Dataset items

+ + + + + + +

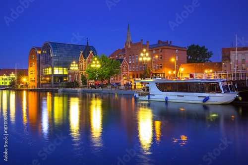 Fototapeta premium Architecture of Bydgoszcz city with reflection in Brda river at night, Poland
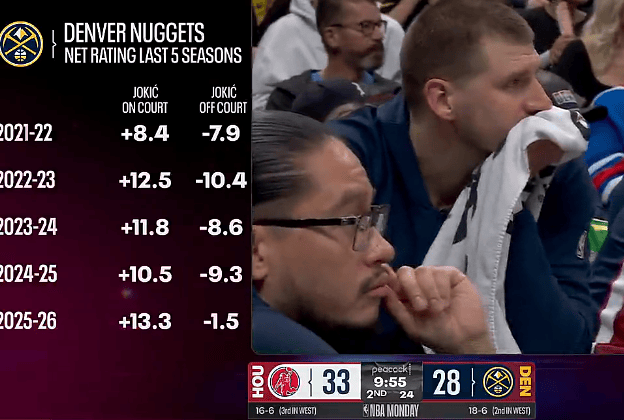 2025~26賽季 約基奇在場+13.3分,不在場-1.5分
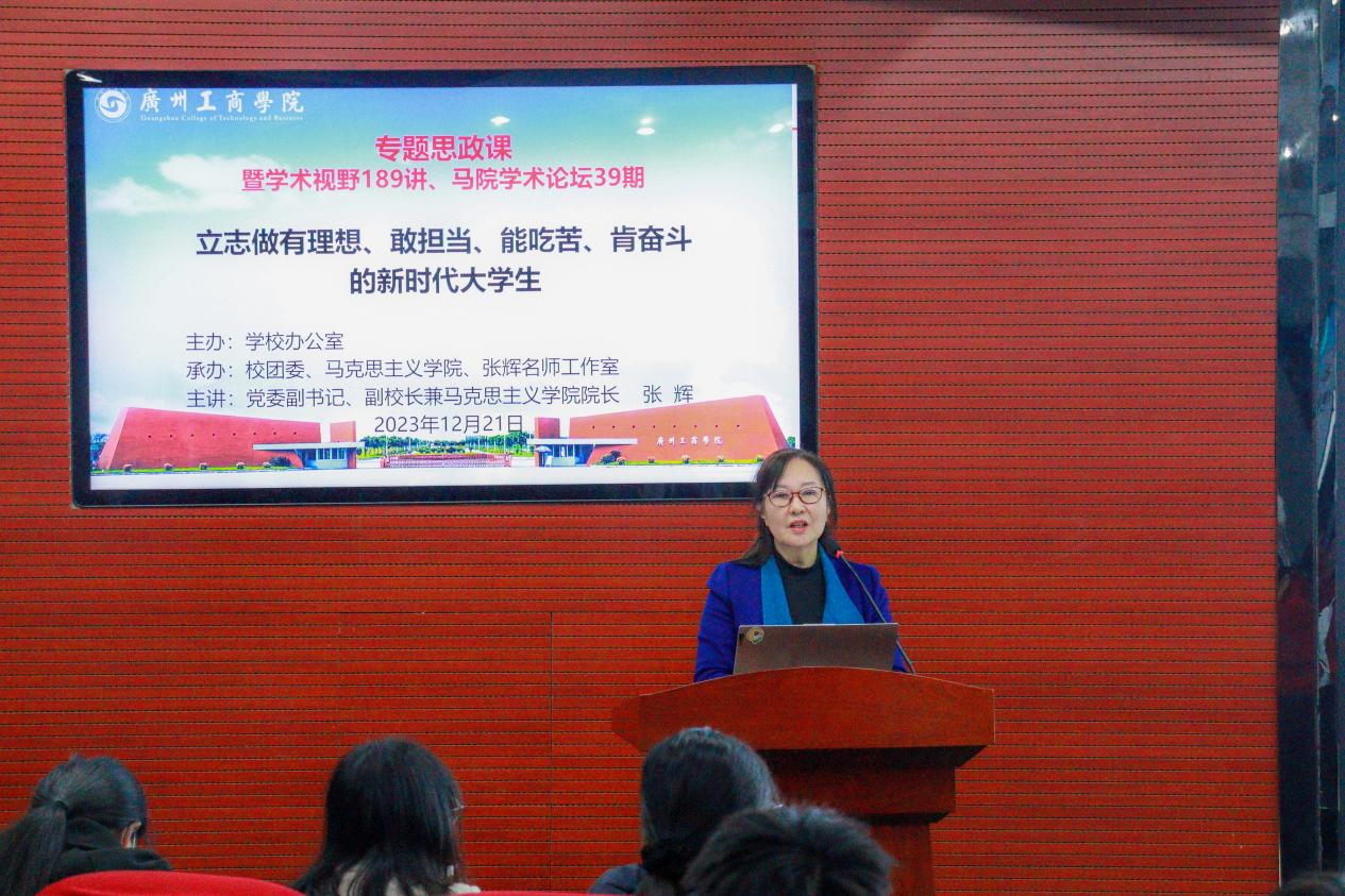 为深入贯彻落实党的二十大精神,贯彻落实习近平总书记关于教育的重要论述特别是在学校思想政治理论课教师座谈会上的重要讲话精神,落实立德树人根本任务。12月21日晚上,由kaiyun开云官方网站学校办公室主办,校团委、马克思主义学院和张辉名师工作室联合承办的kaiyun开云官方网站专题思政课暨马院学术论坛第三十九期学术视野189讲在三水校区办公楼322报告厅举行。本次讲座由kaiyun开云官方网站党委副书记、副校长兼马克思主义学院院长张辉教授主讲,马克思主义学院党总支副书记、院长助理谭丽婷老师主持。马克思主义学院教师代表、张辉名师工作室成员、各学院学生代表参加。
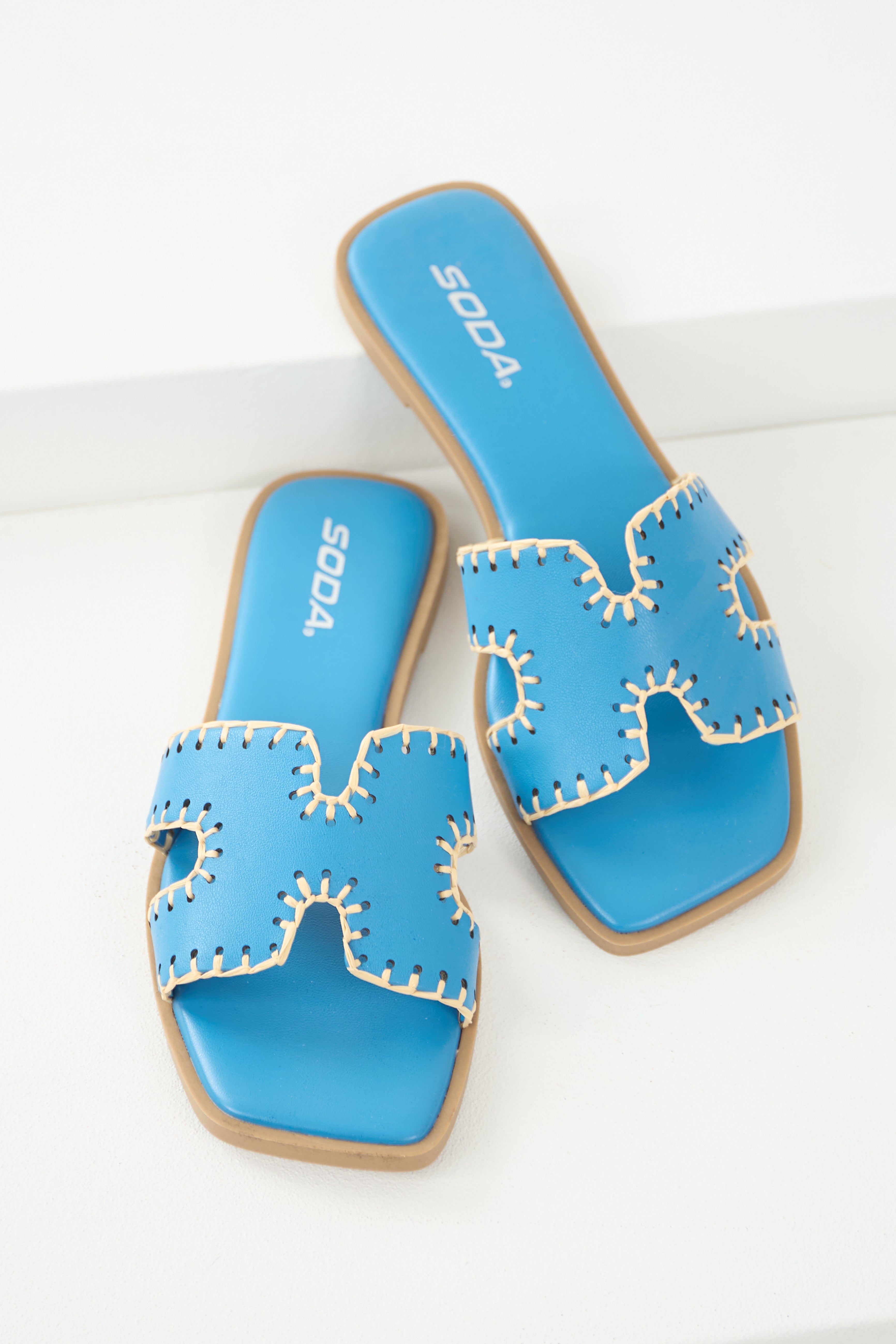 Azure Straw Trim Cut Out Strap Slide Sandals
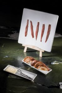 La ‘fantasia culinaria’ al 142 Restaurant la si trova nei piatti del menù: un divertente gioco tra riferimenti all’arte e scomposizione dei nomi. Alcuni esempi? Giusto per iniziare ‘Omaggio a Lucio Fontana’, una composizione con acciughe del Cantabrico, pane tostato e burro, oppure, tra i secondi, ‘Ten-Taco-Li’, delizioso polpo arrosto al tè nero affumicato, maionese di acqua di polpo, crema di patate, pomodoro secco e tortilla.
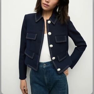 New with tag. Mod, made modern. All clean lines and a chic, streamlined silhouette, the Constantine features four flap pockets and contrast-color topstitching. This stretchy close-fitting jacket designed with pronounced topstitching.

+ + + + + + +

§ **Exercise directions**
Once the pictures are set aside, reproduce the records in full and exactly.

§ **Answer area**
 Fototapeta premium Architecture of Bydgoszcz city with reflection in Brda river at night, Poland
 2025~26賽季 約基奇在場+13.3分,不在場-1.5分
 为深入贯彻落实党的二十大精神,贯彻落实习近平总书记关于教育的重要论述特别是在学校思想政治理论课教师座谈会上的重要讲话精神,落实立德树人根本任务。12月21日晚上,由kaiyun开云官方网站学校办公室主办,校团委、马克思主义学院和张辉名师工作室联合承办的kaiyun开云官方网站专题思政课暨马院学术论坛第三十九期学术视野189讲在三水校区办公楼322报告厅举行。本次讲座由kaiyun开云官方网站党委副书记、副校长兼马克思主义学院院长张辉教授主讲,马克思主义学院党总支副书记、院长助理谭丽婷老师主持。马克思主义学院教师代表、张辉名师工作室成员、各学院学生代表参加。
 Azure Straw Trim Cut Out Strap Slide Sandals
 La ‘fantasia culinaria’ al 142 Restaurant la si trova nei piatti del menù: un divertente gioco tra riferimenti all’arte e scomposizione dei nomi. Alcuni esempi? Giusto per iniziare ‘Omaggio a Lucio Fontana’, una composizione con acciughe del Cantabrico, pane tostato e burro, oppure, tra i secondi, ‘Ten-Taco-Li’, delizioso polpo arrosto al tè nero affumicato, maionese di acqua di polpo, crema di patate, pomodoro secco e tortilla.
 New with tag. Mod, made modern. All clean lines and a chic, streamlined silhouette, the Constantine features four flap pockets and contrast-color topstitching. This stretchy close-fitting jacket designed with pronounced topstitching.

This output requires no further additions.